Objectives: This study is a retrospective analysis of perioperative outcomes and risk factors related to facial reanimation procedures – both static and dynamic. The multi-institutional database - American College of Surgeons National Surgical Quality Improvement Program Database (ACS-NSQIP) – was utilized for extract of variables.

Methods: The ACS NSQIP database (2015-2023) was reviewed to identify patients would had facial reanimation procedures (namely three categories nerve-driven repairs, non-nerve or sling type repairs, and concomitant procedures). CPT codes associated with each category were used to extract patient data. Variables collected included postoperative outcomes (e.g. reoperation, readmission, mortality, and 30-day complications – medical and surgical). Risk factors associated with complications were also gathered.

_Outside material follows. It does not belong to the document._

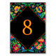 Add a festive decorative element to your reception with this colorful vibrant fiesta floral black wedding table number card. The elegant black background highlights bright colorful florals that create a vibrant botanical design inspired by joyful fiesta celebrations. This stylish table number helps guests easily locate their table while enhancing your colorful wedding decor.

Results: Among 1,290 patients (62.1% male, mean age 63±14 years) that received facial reanimation surgeries, 589 (45.7%; 95% CI, 42.8%-48.6%) had nerve-driven repairs, 442 (34.3%; 95% CI, 31.6%-37.1%) received sling-type repairs, and 259 (20%; 95% CI, 17.9%-22.2%) underwent a combination. Notably, younger patients predominantly underwent nerve-driven repairs compared to their older counterparts who had sling-type repairs (mean age, 58.7±15.3 vs 70.2±12.6 years; P<.001). Additionally, of the 315 patients who received free tissue reconstruction, a significant majority (51.7%) had simultaneous facial reanimation surgeries, markedly more than those without free tissue reconstruction (292 of 975 [30%; P=.002]). Variables with a p-value <0.1 in the univariate analysis, along with known risk factors, were included in a multivariate logistic regression model. Notably, smoking (odds ratio [OR] = 2.35, 95% confidence interval [CI] 1.25-4.42, p = 0.008) and diabetes (OR = 3.92, 95% CI 1.45-10.57, p = 0.007) emerged as significant independent predictors of 30-day postoperative complications. Concurrent free tissue reconstruction also demonstrated a significant association with increased complications (OR = 1.68, 95% CI 1.11-2.53, p = 0.015). Conversely, younger age (OR = 0.97 per year, 95% CI 0.95-0.99, p = 0.003) was found to be a protective factor against complications.

Conclusions: Patients who underwent free tissue reconstruction had a higher likelihood of simultaneous facial reanimation surgeries, and this group exhibited increased postoperative complications. Smoking, diabetes, and concurrent free tissue reconstruction were identified as significant independent predictors of 30-day postoperative complications, while younger age was a protective factor.